Source information –
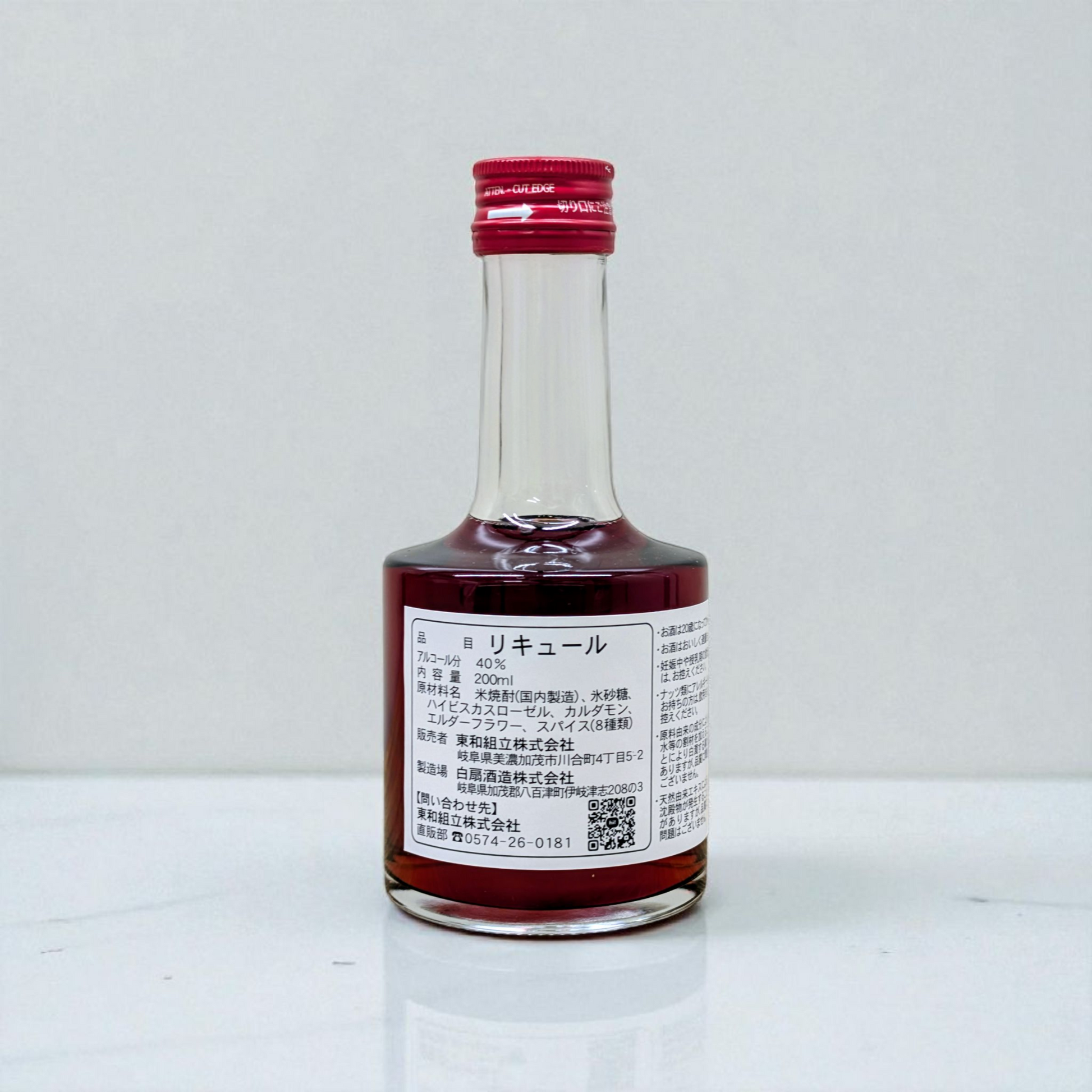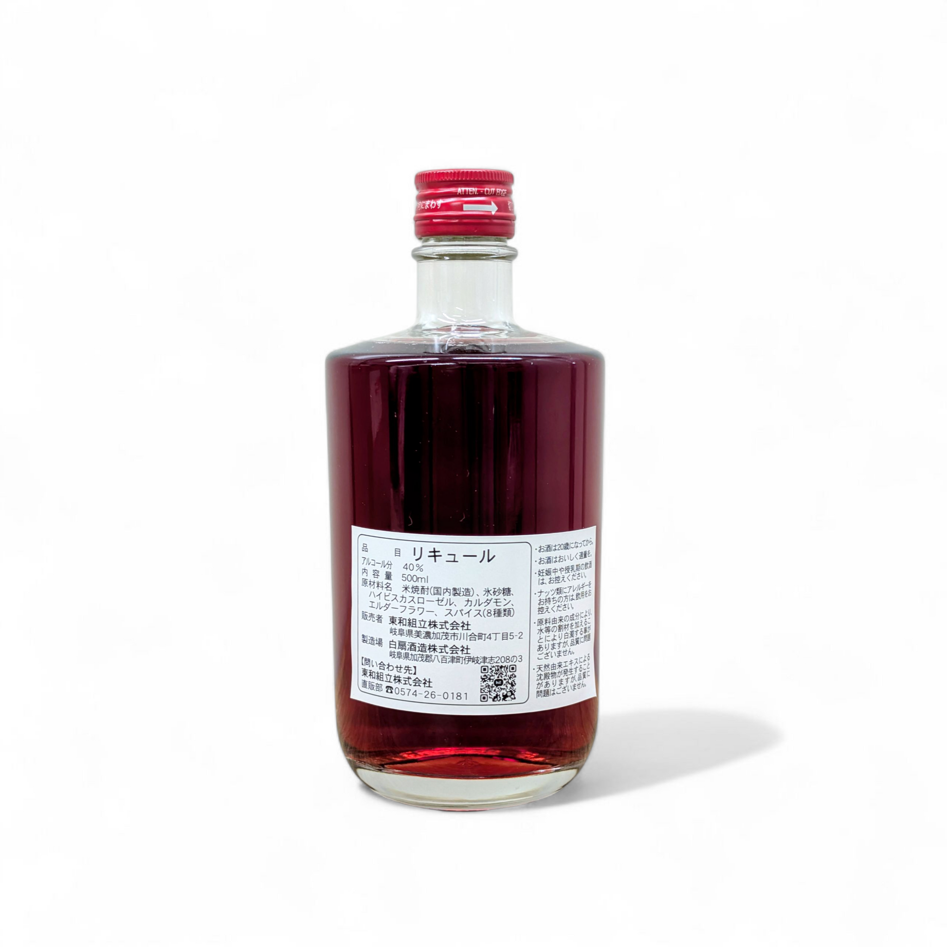 ハイビスカス・ローゼル由来の透き通るルビー色が目を惹き、ほんのりとした酸味と、11種類のスパイスとハーブが織りなす華やかな香りと味わい。岐阜県・白扇酒造の伝統焼酎製法と融合し、無添加で仕上げた上質なクラフトリキュールです。
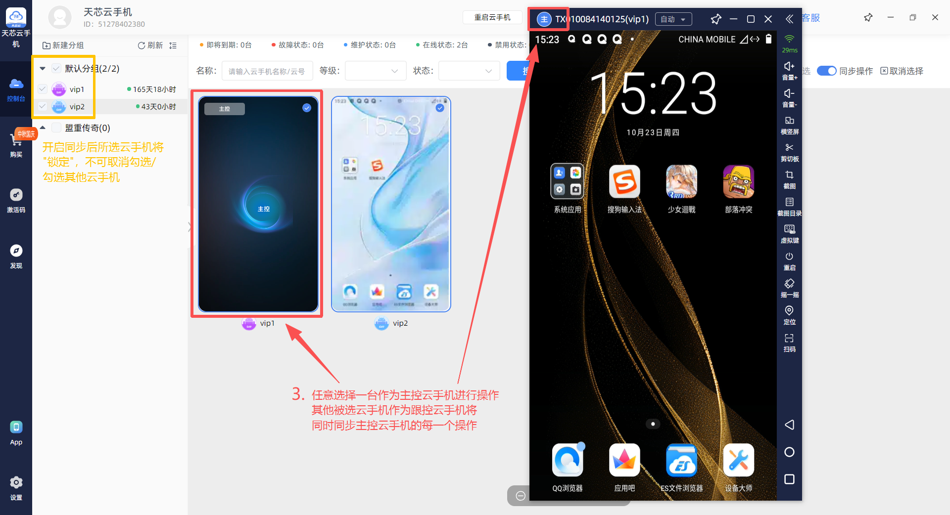 2.在已选择的云手机中任意选择一台作为主控云手机进行操作,其他被选云手机作为跟控云手机将同时同步主控云手机的每一个操作。
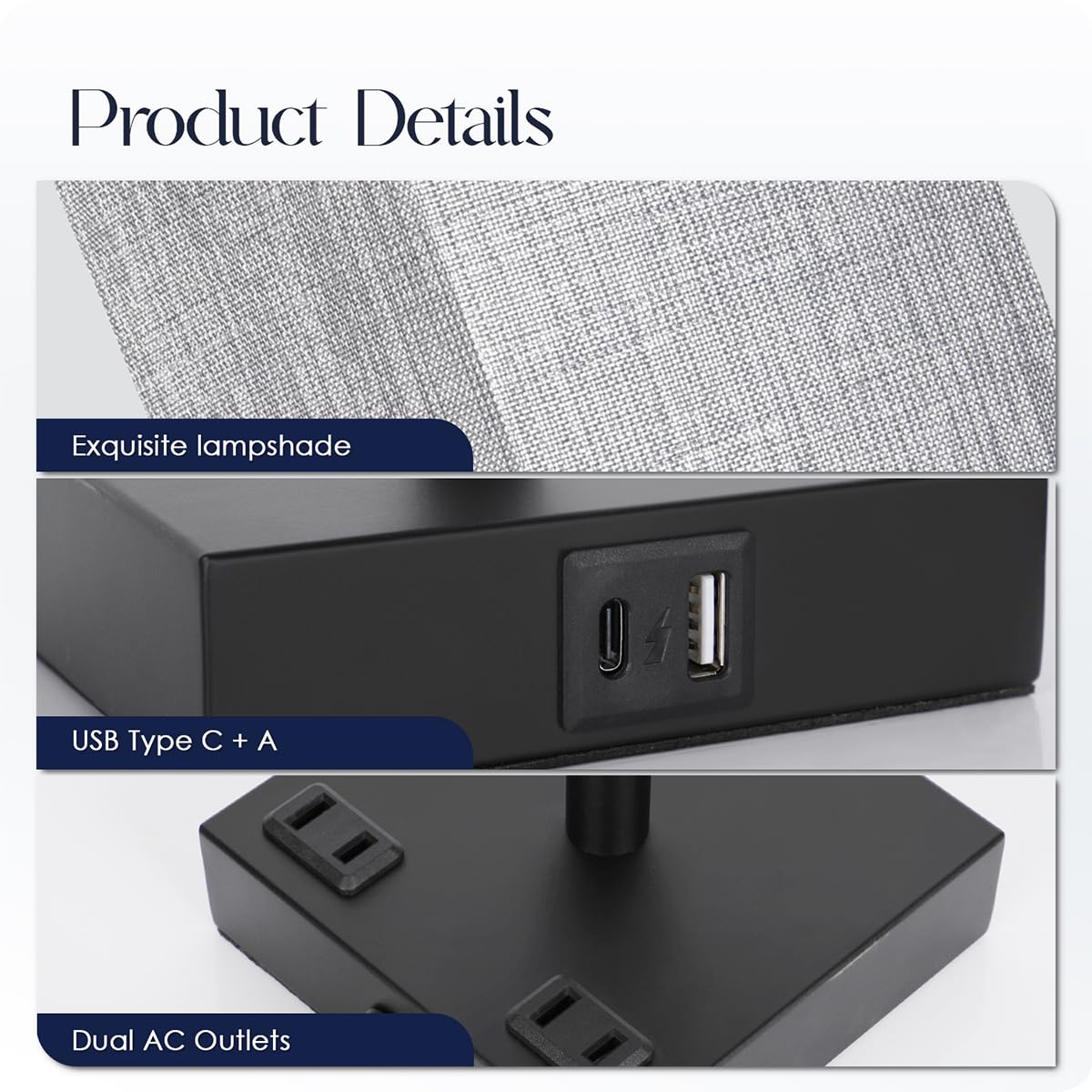 • USB C+A and AC Outlets: In addition to providing light, this modern bedside table lamp has a USB C & USB A(5V/2.1A) port and two AC outlets (120V)
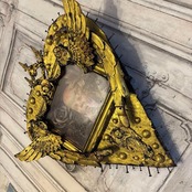 目を奪われるほどの装飾が施された、心臓の形をしたアンティーク調のフレームです。全体を覆うゴールドの輝きは、長年を経たような深みと陰影を持ち、独特の存在感を放ちます。
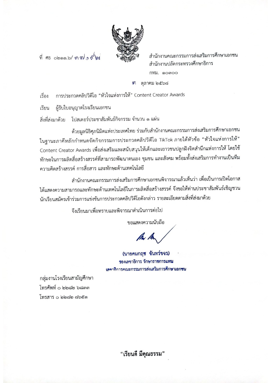 ร่วมส่งคลิปสั้น TikTok ในหัวข้อ "หัวใจแห่งการให้"
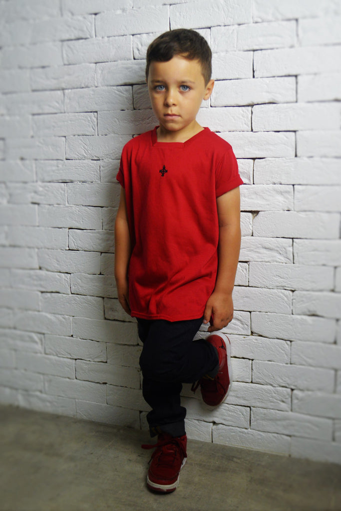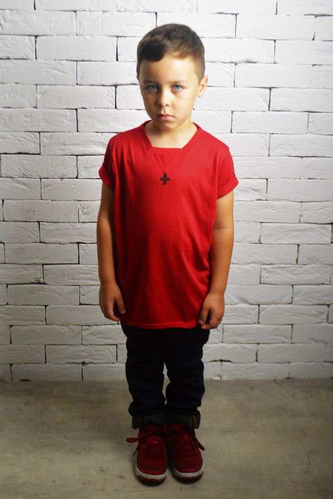 Kids Square Neck T-Shirt - Red

The task – Print exactly, and print only, the lines from the line with "目を奪われるほどの装飾が施さ" through the last line of the entries, both ends included. No pictures belong in the result.

Solution to the exercise –
 目を奪われるほどの装飾が施された、心臓の形をしたアンティーク調のフレームです。全体を覆うゴールドの輝きは、長年を経たような深みと陰影を持ち、独特の存在感を放ちます。
 ร่วมส่งคลิปสั้น TikTok ในหัวข้อ "หัวใจแห่งการให้"
 Kids Square Neck T-Shirt - Red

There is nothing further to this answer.